**Your instructions:** All of the data below must be reproduced word for word, but without its images.
▶
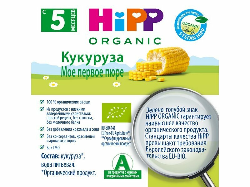 Пюре HiPP Organic с кукурузой без сахара с 5 мес., 80 г интересное:
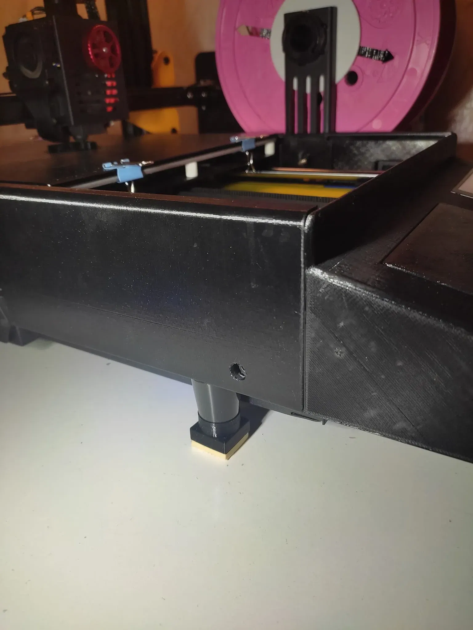 Một miếng đệm siêu mềm có thể được làm từ một cục tẩy cao su đơn giản dưới chân của máy in "Kywoo Tycoon Slim". Bằng cách này, chúng ta có thể giảm đáng kể sự truyền tải của các rung động có hại đến bàn làm việc. Điều này cũng giảm thiểu tiếng ồn phát ra từ máy in.
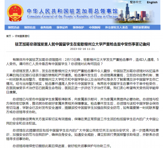 有媒体向中国驻芝加哥总领馆提问:2月13日晚,密歇根州立大学发生严重枪击事件,造成3人遇难、5人受伤。请问伤亡人员中是否有中国留学生?总领馆对此有何回应?
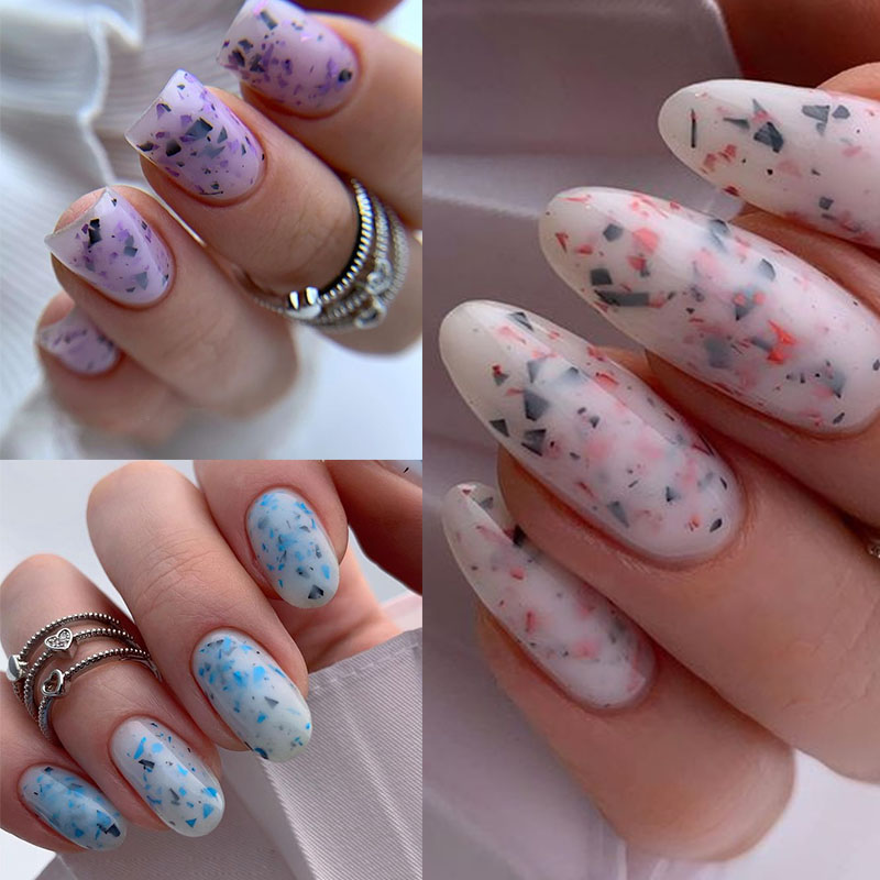 2. Равномерно посыпьте хлопья на ноготь и закрепите.
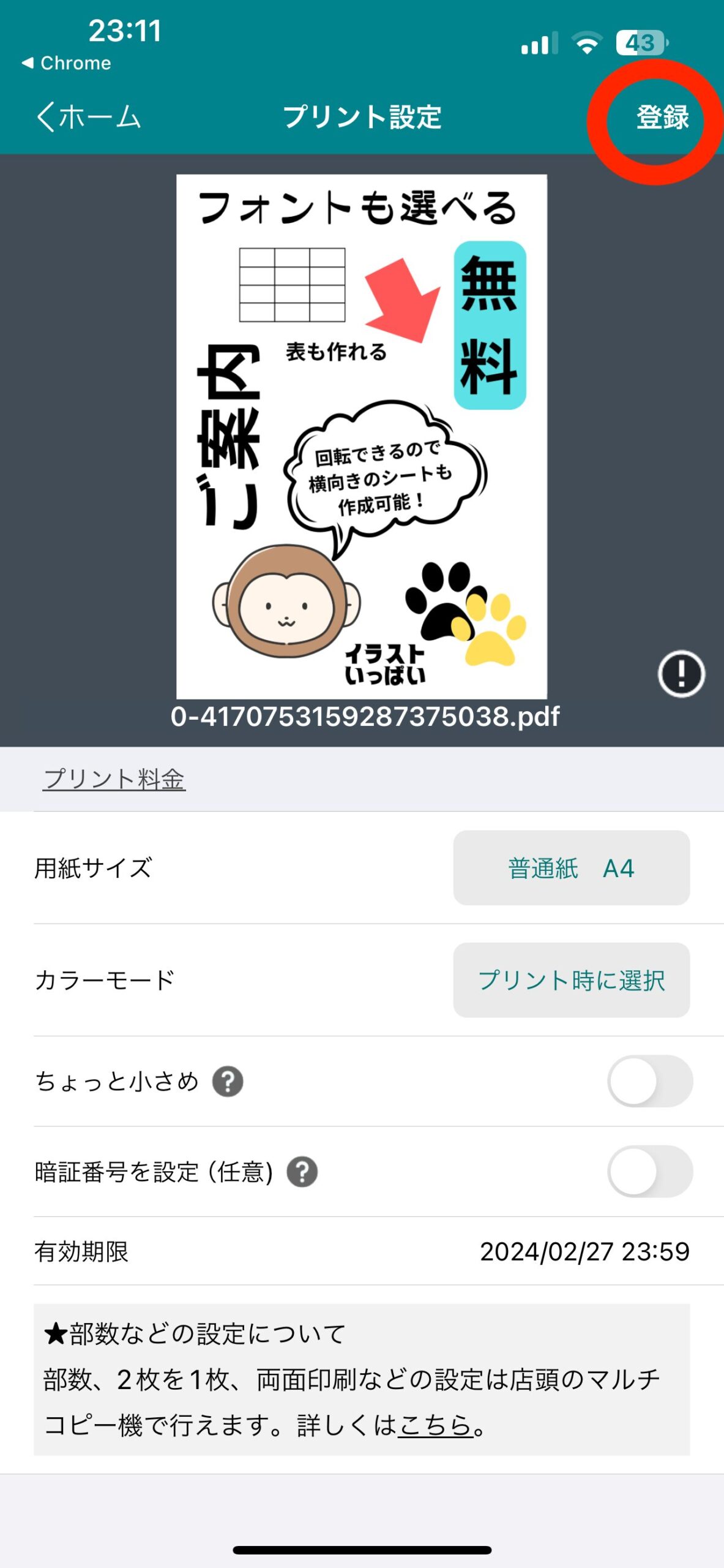 →プリント設定画面になりました→『印刷サイズ』『カラーモード』設定できますが、後ほどコンビニのコピー機でも設定できます→【登録】→【アップロード完了】→【閉じる】
◀
**Answer to the exercise:**
 Пюре HiPP Organic с кукурузой без сахара с 5 мес., 80 г интересное:
 Một miếng đệm siêu mềm có thể được làm từ một cục tẩy cao su đơn giản dưới chân của máy in "Kywoo Tycoon Slim". Bằng cách này, chúng ta có thể giảm đáng kể sự truyền tải của các rung động có hại đến bàn làm việc. Điều này cũng giảm thiểu tiếng ồn phát ra từ máy in.
 有媒体向中国驻芝加哥总领馆提问:2月13日晚,密歇根州立大学发生严重枪击事件,造成3人遇难、5人受伤。请问伤亡人员中是否有中国留学生?总领馆对此有何回应?
 2. Равномерно посыпьте хлопья на ноготь и закрепите.
 →プリント設定画面になりました→『印刷サイズ』『カラーモード』設定できますが、後ほどコンビニのコピー機でも設定できます→【登録】→【アップロード完了】→【閉じる】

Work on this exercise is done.